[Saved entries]
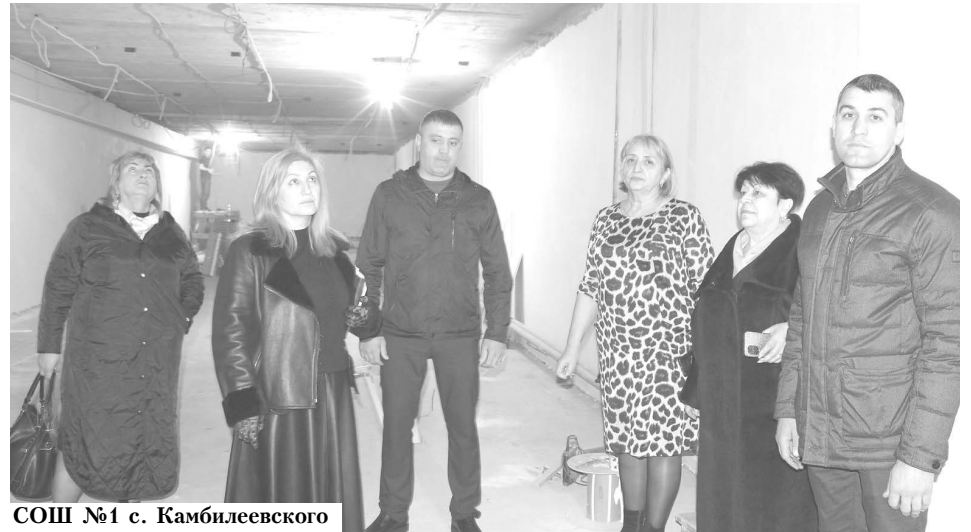
СОШ №1 с. Камбилеевского
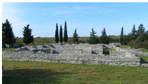
Slika 7.1. Dvojne bazilike u Prižbi

Novi dan počeli smo odlaskom prema Prižbi na poluotoku Srma. Tamo nas je dočekala ranokršćanska dvojna bazilika. Arheološka istraživanja na tom lokalitetu, pod vodstvom Zlatka Gunjače, provedena su od 1969. do 1974. godine, da bi nakon toga uslijedila konzervacija. Otkrivene su dvije jednobrodne bazilike izgrađene u različitim vremenima. Zbog toga ih nazivamo basilicae geminatae ili „crkve blizanke“ – dvojne crkve (slika 7.1.). Ove dvojne bazilike su ujedno i najkompletnije istražene na području Dalmacije. Iako mišljenja o vremenu njihove gradnje nisu potpuno usuglašena, prevladava ono koje obje crkve smješta u 6. stoljeće. Sjeverna crkva je starija, a južna joj je nešto kasnije pridružena. U sklopu južne crkve nalaze se i grobovi, otkriveni istočno od apsida obje bazilike.
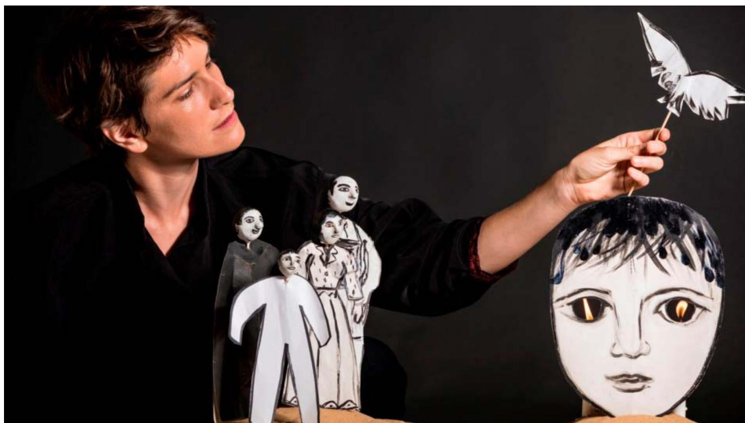
נקודת אור, חנוכה במוז"א.

עלות לילד/ה: 23 ₪ // בין השעות: 10:00 - 13:30
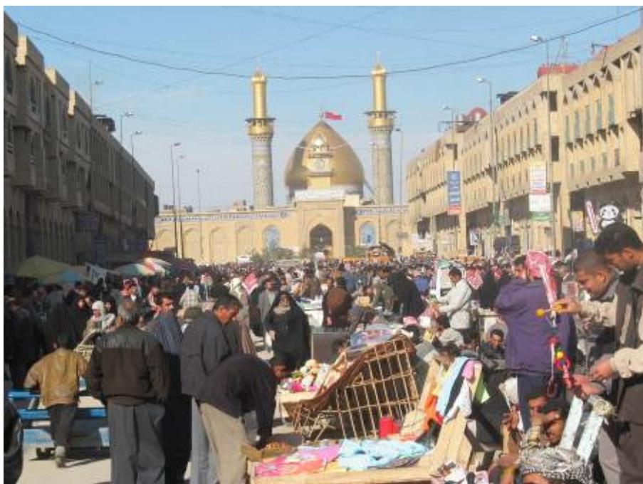
Holnap Karbalába megyünk

Délután a város másik végében lévő úgynevezett „Pisztoly-gyárba” megyünk. Az elmúlt hetekben kétszer is jártam itt. Sajnos az amerikaiak távozása után sem javult a helyzet. Igaz, most több a fürdő konténer, higiéniai lehetőség, de napok óta nincs meleg étel ellátás, a katonák légkondicionáló nélküli munkacsarnokokban laknak. A belső környezet is elhanyagolt, szemét van mindenfelé. Lesújtó a kép. Félek, a zászlóaljparancsnok igénytelensége is közrejátszik. Várnak, hátha mégis elmehetnének innen. Na, és addig? Kicsit lehangolódva megyek el. Holnap Karbalába megyünk. Ma egy hónapja indultam el erre az izgalmas, minden nap új kihívásokat jelentő hosszú útra.

### Task requirements:
Return only the lines from the start of the data through the line that contains "Slika 7.1. Dvojne bazilike u Prižbi", please, copying them exactly and omitting all pictures.

### Exercise response:
СОШ №1 с. Камбилеевского
Slika 7.1. Dvojne bazilike u Prižbi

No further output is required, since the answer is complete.